In the standard Kubernetes deployment, resource quotas can only be applied to individual namespaces. However, the administrator can not pass a single operation, while the quota applies to the namespace. After several resource quota must operate.
However, Rancher, administrators can apply to quota resources Project, and then spread to the quota for each namespace. Then, Kubernetes will use the native version of the resource quotas, the administrator to enforce restrictions. If administrators want to change the quota particular namespace, you can overwrite the previous quota.
Strengthen and optimize Kubernetes
Needless to say, Kubernetes has become the standard container arrangement, which also contributed to most of the cloud and virtualization vendors to provide infrastructure as a standard. However, the security issues associated with Kubernetes general lack of awareness of the environment, can cause a variety of components exposed to the network *** from inside and outside the cluster.
On two of this article series provides some practical steps to tell you how to use Kubernetes function and container management solutions (such as Rancher), to strengthen Kubernetes guard against external and internal network threats. Enterprises should verify protection Kubernetes API accessible from the outside through role-based access control (RBAC) and a strong identity. For internal personnel protection, since the multi-user Kubernetes cluster, so the need to protect the tissue by cross-communication RBAC, and logical isolation NetworkPolicies.

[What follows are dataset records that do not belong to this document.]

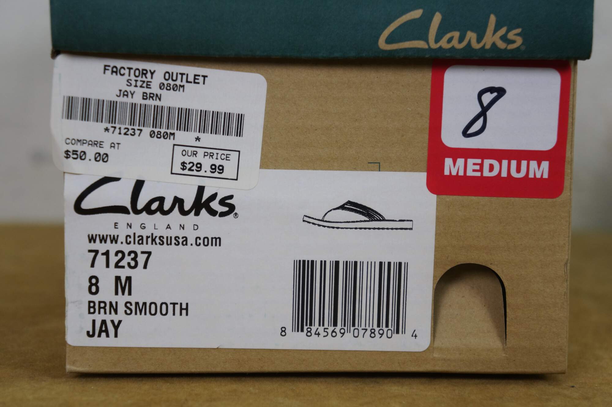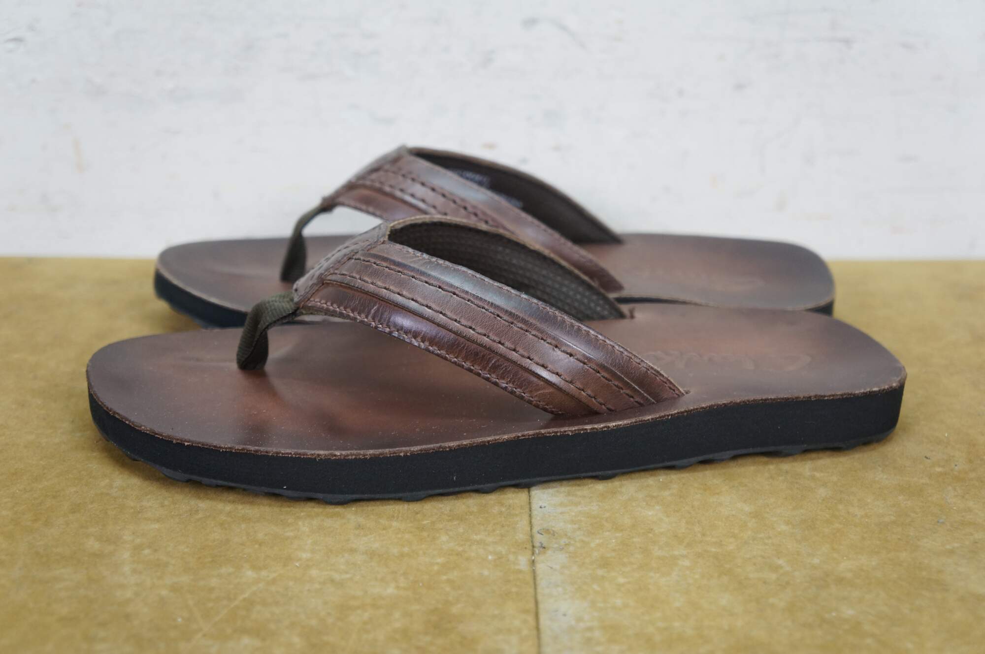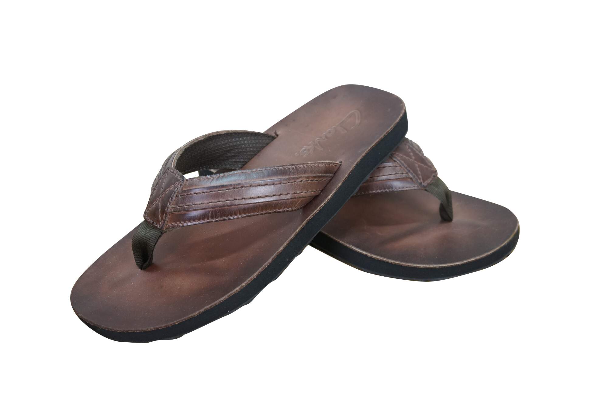 Vintage Clarks Jay brown smooth leather flip flops / tongs, mens size 8.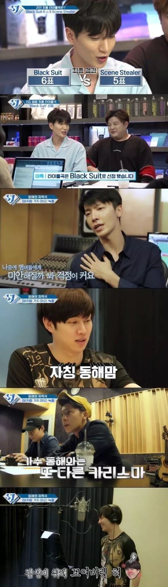 组合SuperJunior的新专辑在逐步完成中,今日团综《SJ Returns》公开第25篇“公开SUJU8辑主打歌”和第26篇“《不要像雨一样离开》录音-1”。节目中成员们就第8张专辑《PLAY》主打歌的选择聚在一起开会,,“BLACK SUIT”和 “SCENE STEALER”是最终主打歌的候选曲目,成员们纷纷表示:“两首歌都很喜欢,难以抉择,不知大众会喜欢怎样的歌曲。”最终以6比5的投票结果,定下《BLACK SUIT》作为主打歌。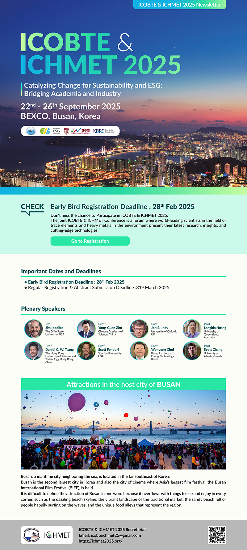 미량원소 생지화학 분야의 세계 최대 국제학회인 ISTEB 주관으로 국제학술대회(ICOBTE) 및 환경 중 중금속 관련 국제학술대회(ICHMET)가 개최될 예정입니다.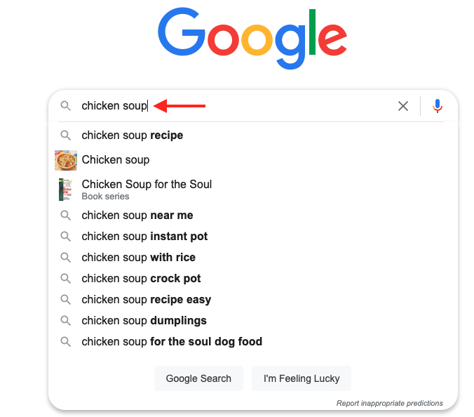 It goes further than simply the words you've typed into the search engine. If you google 'chicken soup', Google will decide you want to look up a recipe. It won't just tell you what chicken soup is. Google assumes you already know that. Its algorithm has worked out that usually, when people search 'chicken soup', they want to cook it, so it immediately goes straight to the recipe.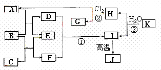 种耐高温材料,K是由两种常见元素组成的化合物(图中部分反应物或生成物没有列出)。

In order to prevent other tenants monopoly CPU, memory, storage, and other resources which dragged down the performance of the entire cluster, Kubernetes provide resource constraints and quotas and other functions, operation and maintenance team to help manage and optimize resource utilization Kubernetes function. Finally, in addition to the default settings available, the industry there are some very effective tool to help users manage and protect Kubernetes complete cluster. For example platforms like Rancher is a highly optimized container management solution specifically designed for deploying multiple clusters into production of tissue building, business users can more easily manage and Kubernetes throughout the operation. It protects from external cluster Kubernetes *** threats, hidden inside even noisy neighbor.